Hattie’s cardiopulmonary examination revealed a grade 2 mitral valve systolic murmur, which I had noted on previous visits. Her abdominal examination was benign, with no abnormal mass or organomegaly. There was a trace of peripheral edema. Hattie’s radial pulses were 1+ bilaterally, but I was unable to identify any posterior tibial or dorsalis pedis pulses. What really concerned me was the finding of an inflamed, erythematous, thickened temporal artery on the left. The artery was easily visible and was so large that I could easily roll it between my fingers. A careful neurologic examination of the upper and lower extremities was unremarkable. No pathologic reflexes or clonus were identified.

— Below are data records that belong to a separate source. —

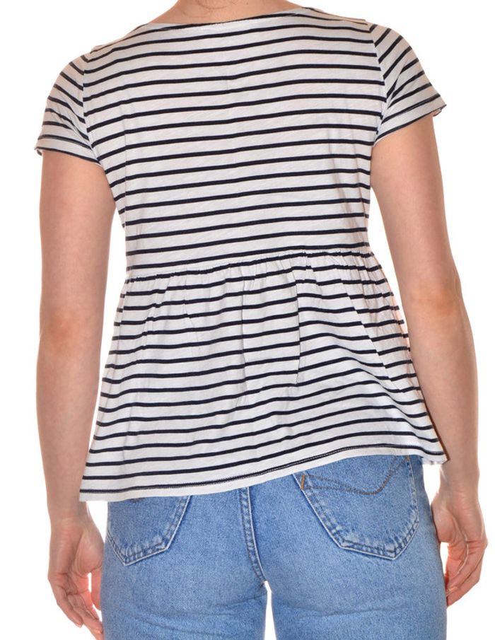 tshirt peplum blanc motif rayures blanc noir taille S col rond en coton - photo numéro 3
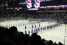 The university's men's hockey team plays in the Hockey East Association and plays its home games at the Tsongas Center at UMass Lowell. In 2013, the men's hockey team won the Hockey East regular-season and tournament championships and advanced to the NCAA Division I Championship "Frozen Four," all for the first time in the university's history.[6] The men's hockey team repeated as Hockey East champions in 2014 while advancing to the NCAA Division I Men's Ice Hockey Championship for the third straight year and sixth time overall. Goalie Connor Hellebuyck is the only Hockey East player to receive the league tournament's Most Valuable Player Award in two consecutive years, earning the honor in 2013 and 2014.[6]
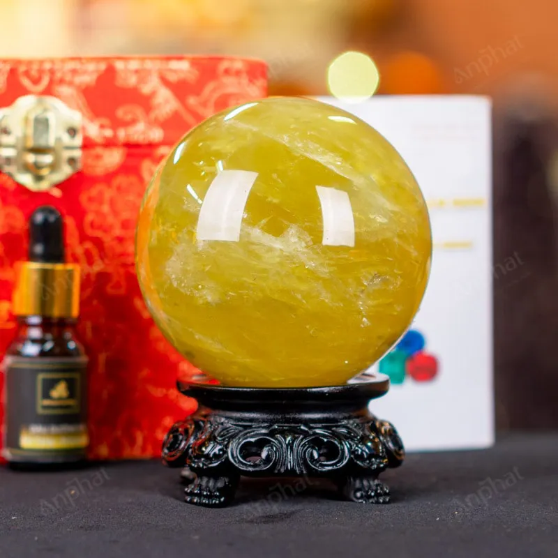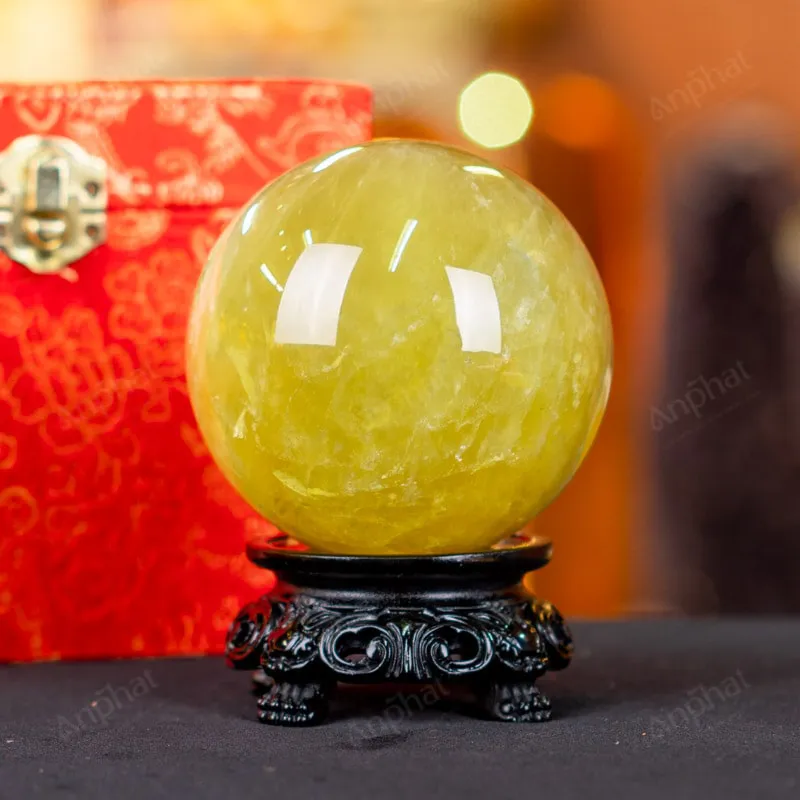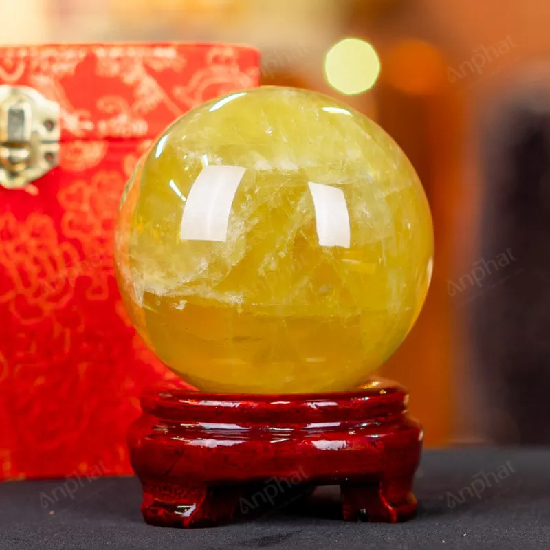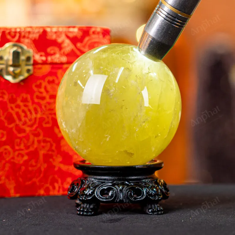 Ảnh cận cảnh quả cầu đá thạch anh vàng

Key Clinical Points—What’s Important and What’s Not
The History
- ◼
History of jaw claudication associated with headache
- ◼
No significant history of previous headache
- ◼
Difficulty eating due to persistent jaw claudication
- ◼
Denies any recent decrease in visual acuity
The Physical Examination
- ◼
Patient is afebrile
- ◼
Inflammation and thickening of the left temporal artery
- ◼
Dense cataract formation bilaterally
- ◼
No peripheral pulses in the lower extremities
- ◼
Normal neurologic examination
- ◼
No pathologic reflexes
- ◼
No clonus
Other Findings Of Note
- ◼
Grade 2 mitral valve murmur
What Tests Would You Like to Order?
- ◼
Urgent erythrocyte sedimentation rate (ESR)
- ◼
Urgent ultrasound and color Doppler image of the temporal arteries
- ◼
Urgent temporal artery biopsy
- ◼
Ultrasound of the aorta
Test Results
- ◼
ESR is 98.
- ◼
Ultrasound and color Doppler images of the temporal arteries reveal arterial luminal thickening and a positive halo sign, which is highly suggestive of temporal arteritis ( Figs. 11.1, 11.2 , and 11.3 ).
Fig. 11.1
Ultrasound of the left temporal artery with arterial wall thickening evident, consistent with temporal arteritis.

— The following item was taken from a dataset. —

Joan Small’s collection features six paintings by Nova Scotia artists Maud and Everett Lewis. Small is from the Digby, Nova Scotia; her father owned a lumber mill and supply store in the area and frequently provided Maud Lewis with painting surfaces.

From Deyholos C, Sytek MC, Smith S, et al. Impact of temporal artery biopsy on clinical management of suspected giant cell arteritis. Ann Vasc Surg . 2020 [Fig. 1]. ISSN 0890-5096, https://doi.org/10.1016/j.avsg.2020.06.012 , http://www.sciencedirect.com/science/article/pii/S0890509620305136
Fig. 11.2
Transverse color Doppler image of the temporal artery demonstrating arterial luminal thickening and a positive halo sign, which is highly suggestive of temporal arteritis.
Fig. 11.3
Longitudinal color Doppler image in a patient with temporal arteritis demonstrating thickening of the wall of the temporal artery and a positive halo sign. Image is taken at the level just above the temporomandibular joint (TMJ) .
- ◼
Temporal artery biopsy reveals lymphoplasmacytic infiltrate associated with internal elastic lamina and medial destruction with marked intimal hyperplasia with resultant luminal obstruction consistent with severe temporal arteritis ( Fig. 11.4 ).
Fig. 11.4
Photomicrograph of temporal artery with lymphoplasmacytic infiltrate associated with internal elastic lamina and medial destruction with marked intimal hyperplasia with resultant luminal obstruction (Masson trichrome ×20).

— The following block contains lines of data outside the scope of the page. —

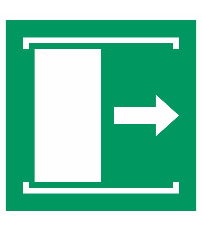 Die Schilder 'Schiebetür öffnet nach rechts' gem. ISO-7010 werden aus hochwertigem weißem Kunststoff hergestellt und sind in unterschiedlichen Größen erhältlich.
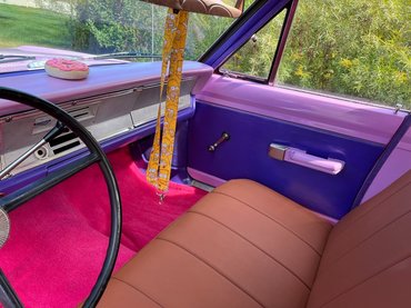 A belső is teljesen olyan, mint a rajzolt változaté: az üléseket barna bőrbe húzták, az ajtókárpitok kék színűek, az ajtóbehúzók és az ajtók ablak alatti részei pink színt kaptak. A felnikre fém dísztárcsákat tettek, a csomagtérajtóra felkerült a Junkerolla felirat és természetesen nem maradt ki a bal első sárvédő jellegzetes gyűrődése sem. A végső simítás az eredetire megszólalásig hasonlító, pink fényezés.
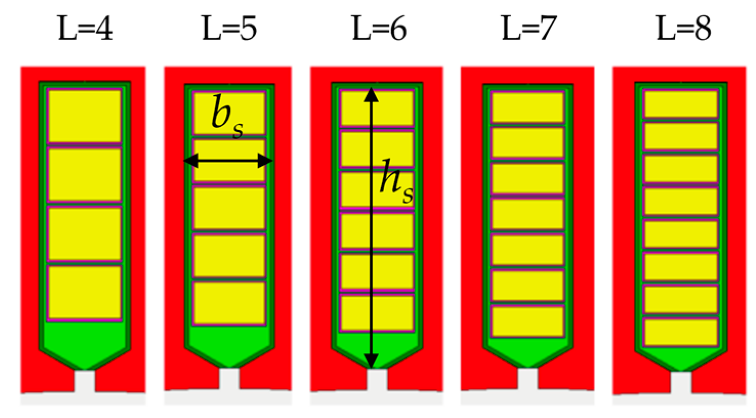 4.1. Effect of the Number of Flat-Wire Winding Layers
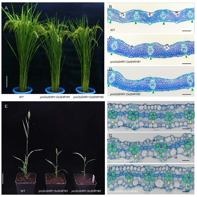 C; and C, grasses directly and indirectly provide the vast majority of calories to the human diet, yet our understanding of themolecular mechanisms driving photosynthetic productivity in grasses is largely unexplored. Ground meristem cells divide toform mesophyll or vascular initial cels early in leaf development in C, and C, grasses.Here we dehine a genetic circuit composedof SHORT ROOT (SHR),INDETERMINATE DOMAIN (IDD), and PIN-FORMED (PIN) family members that specifes vascularidentify and ground cell proliferation in leaves of both C; and C grasses. Ectopic expression and loss-of-function mutant stud'jes of SHR paralogs in the C plant 0ryza sativa (rice) and the C, plant Setaria viridis (green millet) revealed the roles of thesegenes in both minor vein formation and ground cell diferentiation. Genetic and in vitro studies further suggested that SHRregulates this process through its interactions with lDD12 and 13. We also revealed direct interactions of these lDD proteinswith a putative regulatory element within the auxin transporter gene PlN5c. Collectively, these fndings indicate that a SHR-IDD regulatory circuit mediates auxin transport by negatively regulating PIN expression to modulate minor vein patterning inthe grasses.
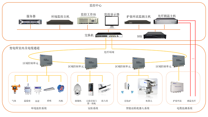 光格鐵路、地鐵變電所綜合監(jiān)控系統(tǒng)主要由環(huán)境監(jiān)控系統(tǒng)、視頻監(jiān)控系統(tǒng)、門禁系統(tǒng)、防入侵系統(tǒng)、分布式光纖測溫系統(tǒng)、護套環(huán)流監(jiān)測系統(tǒng)和智能巡檢機器人系統(tǒng)組成。針對鐵路、地鐵變電所內(nèi)設(shè)備和環(huán)境進行實時在線監(jiān)測,系統(tǒng)具備智能聯(lián)動功能,實現(xiàn)風(fēng)機、水泵、機器人等智能聯(lián)控,及時消除隱患,保障變電所資產(chǎn)和運維人員安全。基于輔助決策分析、機器人復(fù)核,可有效提升運維質(zhì)量和效率。
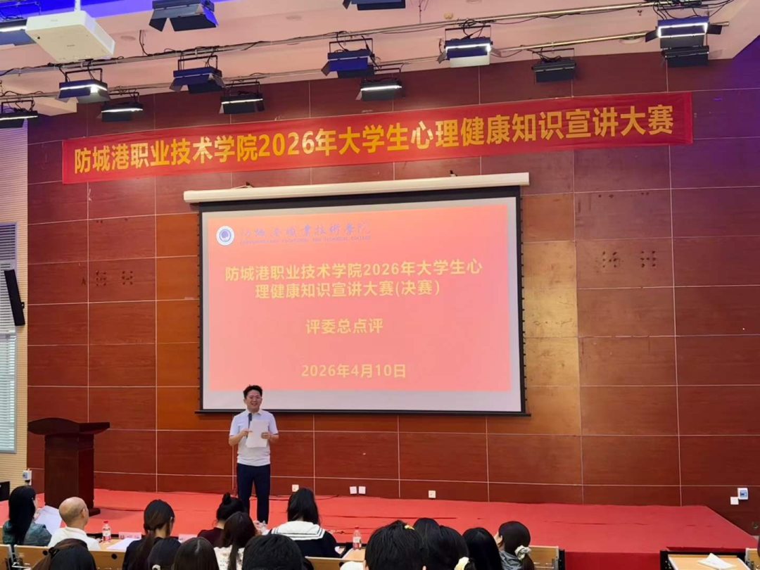 比赛邀请了广西卫生职业技术学院心理中心主任牟坚琼、防城港市心理卫生协会秘书长庄礼程、防城港市第一人民医院临床心理科主治医师颜群以及我校教授黄素梅等担任评委,他们对选手的表现给予充分肯定,并从专业角度提出中肯建议,鼓励同学们持续关注心理健康、提升助人能力。
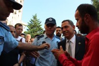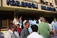 başta olmak üzere partililer Belediye binasına akın etti. Belediye binasında
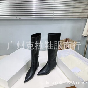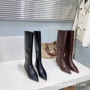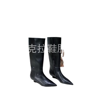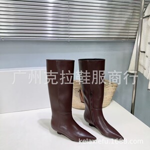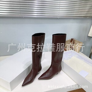 高定2025秋冬小众真皮尖头复古坡跟侧拉链高筒骑士靴不过膝长靴女
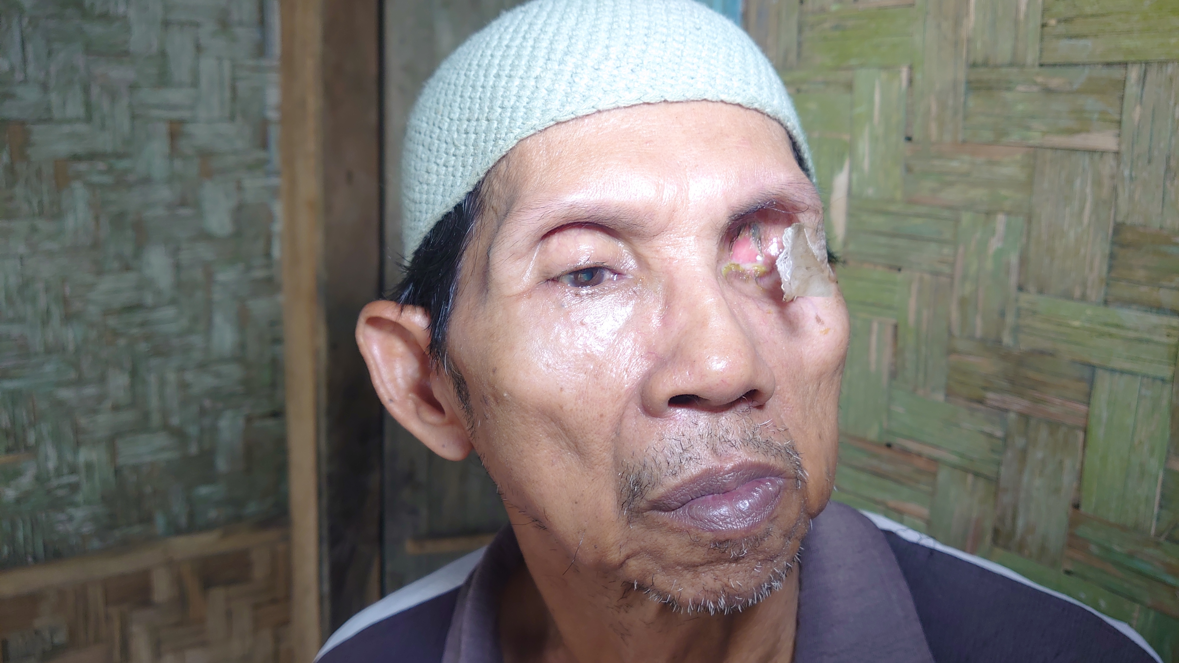 Kakek Raidan harus terus berjuang sambil menahan sakit, matanya sering mengeluarkan cairan dan nanah karena tak bisa berobat.

From Pipinos II, Hopp R, Edwards WD, et al. Giant-cell temporal arteritis in a 17-year-old male. J Vasc Surg . 2006;43(5):1053–1055 [Fig. 2]. ISSN 0741-214, https://doi.org/10.1016/j.jvs.2005.12.043 , http://www.sciencedirect.com/science/article/pii/S0741521406000061
- ◼
Aortic ultrasound reveals thickening of the aortic wall with a large aortic dissection and associated false lumen and significant mural hematoma formation ( Fig. 11.5 ).